Sodium fluorescein provides an interesting option for tumor identification. In the one study currently available, marked tumor enhancement was seen in PA. Fluorescein is particularly useful because it fluoresces in the visual light spectrum and does not require any changes to the intraoperative optics. Additionally, since fluorescein is commonly used to diagnose cerebrospinal fluid leaks, it might be useful to investigate tumor fluorescence during cases where fluorescein has already been instilled preoperatively. Challenges with fluorescein use include the need to infuse the drug into the subarachnoid space via placement of a lumbar drain and a small but well documented risk of seizures, particularly if the drug is infused rapidly. Though more studies are needed to support sodium fluorescein intraoperative use, it has proven to be a promising adjunct that can be utilized universally due to its low cost and safety.

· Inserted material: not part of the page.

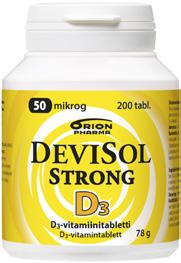 Vahva D3-vitamiinivalmiste. Vaihtoehtoina nieltävä tabletti ja sitruksen tai mustikan makuinen imeskeltävä tabletti.

We identified clear limitations of optical fluorescent agents during PA surgery. Currently, fluorescence techniques can only detect of PA near the surface of the operative field due to their requiring a direct application of polarized light. Novel technological devices could be developed to address deeper lesions, but no market solutions currently exist. Current in vitro studies are limited by a lack of standardized protocols, small sample sizes, and lack of primary human cell cultures. These limitations should be considered in designing future studies and prior to the clinical use of optical fluorescent dyes during PA surgery.

Conclusion:

Identification of small and residual tumor tissue during PA surgery is a major surgical challenge with profound effects on patient outcomes. We conducted a systematic review of the literature and identified four optical fluorescence agents with varying degrees of promise as diagnostic adjuncts during PA surgery. Currently available evidence does not describe a clear clinical benefit from intraoperative fluorescence imaging using 5-ALA, ICG, OTL-38 or fluorescein in PA surgery in terms of extent of resection or neuroendocrine outcomes. In the future, fluorescence techniques could be particularly useful in MRI negative patients with functional PA syndromes. In a handful of small studies, microadenomas were positively identified with the use of 5-ALA and ICG adjuncts, but further validation of these reports is needed. Pituitary subtype and degree of folate expression affects the uptake of fluorescent dyes: further investigation of this relationship is warranted prior to clinical use in functional PA. Folate-based dyes such as OTL-38 may be particularly useful for intraoperative visualization of PA. Directions for future research include investigations of tumor proliferation markers and PA subtype on fluorescence, efficacy of 5-ALA PDT in vivo and ongoing exploration of these optical fluorescent contrast agents impacts on gross total resection rates. At this time, intraoperative fluorescence remains a promising, albeit investigational, adjunctive technique during PA surgery.

Footnotes

Conflict of Interest:

Author Stephanie Wan-Ting Chang declares that she has no conflict of interest. Author Daniel Donoho declares that he has no conflict of interest. Author Gabriel Zada declares that he has no conflict of interest.

Ethical approval:

This article does not contain any studies with human participants or animals performed by any of the authors.